Tuesday, February 27, 2007

My pride, served on a silver platter

Today at Trader Joe's, I got carded buying Two-Buck-Chuck. I handed over my license to the fellow ringing me up, and after taking one look, he told me, "Huh. I used to work in Devon". And thus, we begin to shoot the Pennsylvania shit.

It's a game I like playing.

He grew up in Norristown, where half of my delightful Italian molto mafioso family lives. He knew the ancient department store where my grandmother would take us shopping. He knew the random bar across the street from her house. He knew the zoo, and the slightly creepy Christophe Columbus memorial my great Uncle Frankie helped fund. It was a pleasant, breezy conversation.

And then he said:

"So why don't you have a DC license?"

I just don't. This is something I have often wondered about. I move around a lot here. Apartment to apartment, job to job-- it just doesn't make sense. I'm 24. Pennsylvania is still "home".

So I told him, "Well-- I went to GW, and now I work around the corner, so I guess I just never really left." Which sort of hung in the air. Bitter, almost. Without intentionally meaning to sound anything specific, out of my mouth came bitter.

I've lived here for seven years and everything is a bit the same, though at least now I live in a different quadrant. Not that the same, is bad. But it's the SAME. I've spent my days in Foggy Bottom on and off for 5 of those years. I take the same subway. I wear the same clothes. I have a lot of the same friends. The only passage of time is the length of my hair and the addition of shoes.

Check-out guy said, "Oh. Wow. You must like it here, then."

I said "yeah" and heaved my backpack over my shoulder and carried out my things. At least this city has water ice now. A transplant of my breed needs water ice to live, since we don't have acceptable substitutes like New York's Tasty Delite. (Or a FREAKING Wawa. What I wouldn't do for a Wawa hoagie sometimes.)

I walked up Pennsylvania Avenue, thinking about the interaction. What a pleasant fellow. I wonder which high school he went to? I wonder if he knows that the Dunkin' Donuts at the corner by my aunt's house on the main thoroughfare is being rebuilt. Did he also see movies in high school at the Oaks 10 theater when it was still new and big before the King of Prussia 16 moved in?

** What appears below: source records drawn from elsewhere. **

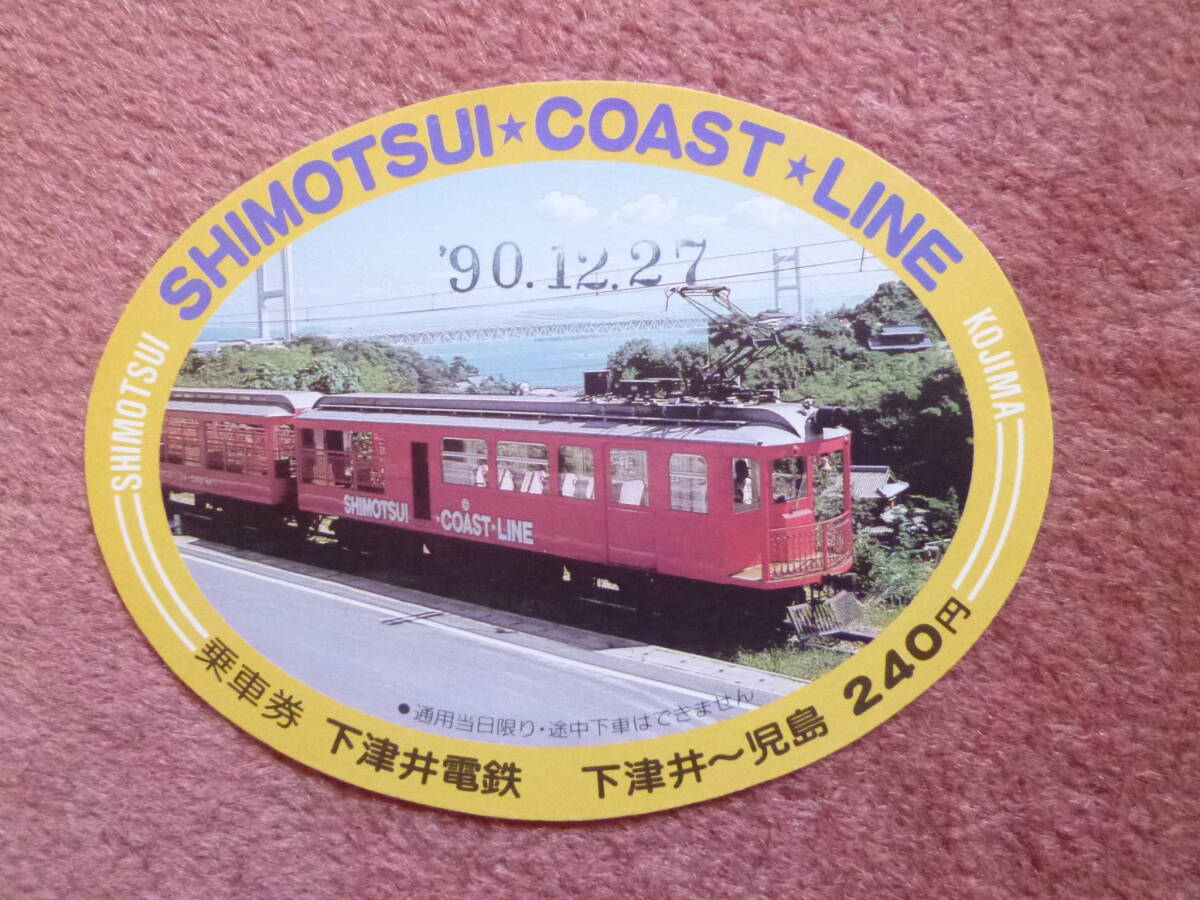[廃線直前]下津井電鉄乗車券1枚(廃止/廃線/廃車/平成3年1月1日廃止/メリーベル号/下電グループ/鷲羽山/下津井⇔茶屋町・児島)
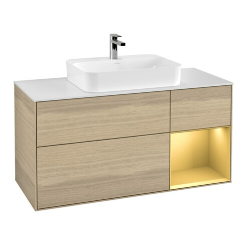 TTCV&B Meuble sous lavabo Finion 120 cm, blanc mat, tiroir droite, poignée ven
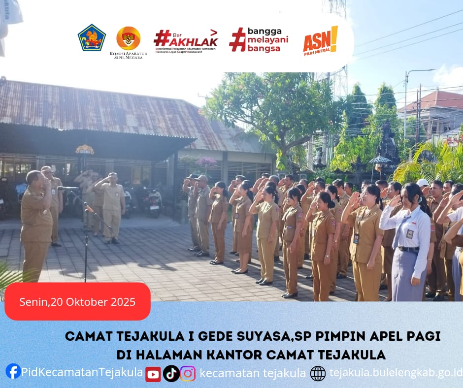Apel Pagi dipimpin langsung oleh Camat Tejakula I Gede Suyasa,SP., dihadiri Sekretaris Camat Tejakula, Pejabat Struktural, Staf ASN dan Non ASN, staf PLKB Kecamatan Tejakula dan Sedahan.
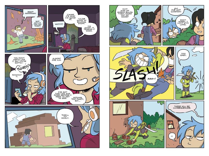 With tales of witch and pillager rivals finding common ground, a heartless griefer who bit off more than they could chew, and valiant heroes new (or not!) to the Overworld, this anthology tells tales that span the world of Minecraft. Featuring stories from star writers Hope Larson (Batgirl), Kevin Panetta (Zodiac Starforce, Bloom), Rafer Roberts (Modern Fantasy, Grumble), and Ian Flynn (Sonic, Mega Man) and exciting artists Meredith Gran (Octopus Pie) and more, this collection brings together stories from all realms, leaving no block unturned!
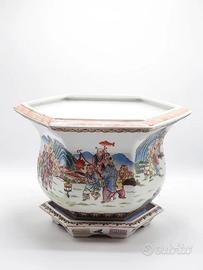 Vaso portafiori in porcellana Cina, XX secolo cm. 28x40x36 più base d’appoggio Elegante vaso in porcellana bianca di forma esagonale con base abbinata, decorato a mano con policromia vivace secondo la tradizione della famiglia rosa (fencai). Il corpo, di forma panciuta con orlo svasato, è interamente dipinto con una raffinata scena di corte animata da figure maschili e fanciulli in abiti tradizionali, immersi in un paesaggio montano con rocce azzurre e vegetazione. I personaggi recano oggetti simbolici — lanterne, fiori di loto, pesci — riferimenti iconografici agli Otto Immortali e ai temi propiziatori tipici dell’arte decorativa cinese. Il bordo superiore è ornato da una fascia a motivi floreali e volute in rosso, giallo e verde, mentre la fascia inferiore presenta decori geometrici a fondo blu con riquadri gialli e rosa/rossi. La base ottagonale riprende i medesimi elementi decorativi con fregi a chiave greca in giallo e fiori stilizzati. In buono stato di conservazione, con lievi segni d’uso coerenti con l’epoca.
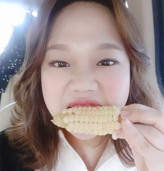 공개한 사진을 보면, 홍현희는 방송을 위한 메이크업을 한 채로 옥수수를 먹고 있다.

Walking along, eager to taste my TJ's treats, I opened a bag of pretzels and took a handful, pleased with myself, and began to munch. I am easy to talk to! I bought healthy things! I had a breezy conversation with someone from back home. Water ice! Zeps! Steak sandwiches! Valley Forge Park! South Street!

And then, reality smacked me in the face.

And by reality, I mean the cold, hard pavement, because I had lost my backpack-heavy, high-heel wearing balance and had fallen flat on my face.

I laid there sprawled out on the concrete, my weeks' worth of groceries heavy on my back and my one grocery bag tossed a foot ahead of me on the sidewalk. I lifted my cheek from the ground, rubbed my fingers against my scraped palms, and began to cry in a way where you are trying REALLY hard not to be that crazy girl with a backpack laying face down on the sidewalk, but what can you do? You look crazy, and for the moment you are. My ankle hurt. My knee is bleeding. I had hit my head and my hands were scraped.

I felt like I was down for an hour, but it was probably about 20 seconds. I pulled myself up and reached out for my bag. A passer-by asked me if I was ok, and I nodded with my eyes closed in embarrassment and lips pursed in anger with tears rolling down my cheeks.

It took the walk to Foggy Bottom to calm myself down. So then, I suppose, I was the crazy girl walking and crying with bags. Like walking with tons of bags and crying isn't just CODE RED for crazy.

I can't tell if I was in shock about the fall and the throbbing of my knees and ankle, or whether or not it was the stark realization that sometimes I still feel like my lost 18-year-old self; standing on a corner in Foggy Bottom wondering if this was, in fact, the right place.





2 comments:

Anonymous said...

Friend, there's a Wawa in College Park...I know it's not down the street, but it's not sooooo far!

Meokat said...

I miss cheesesteaks, and the Italian market.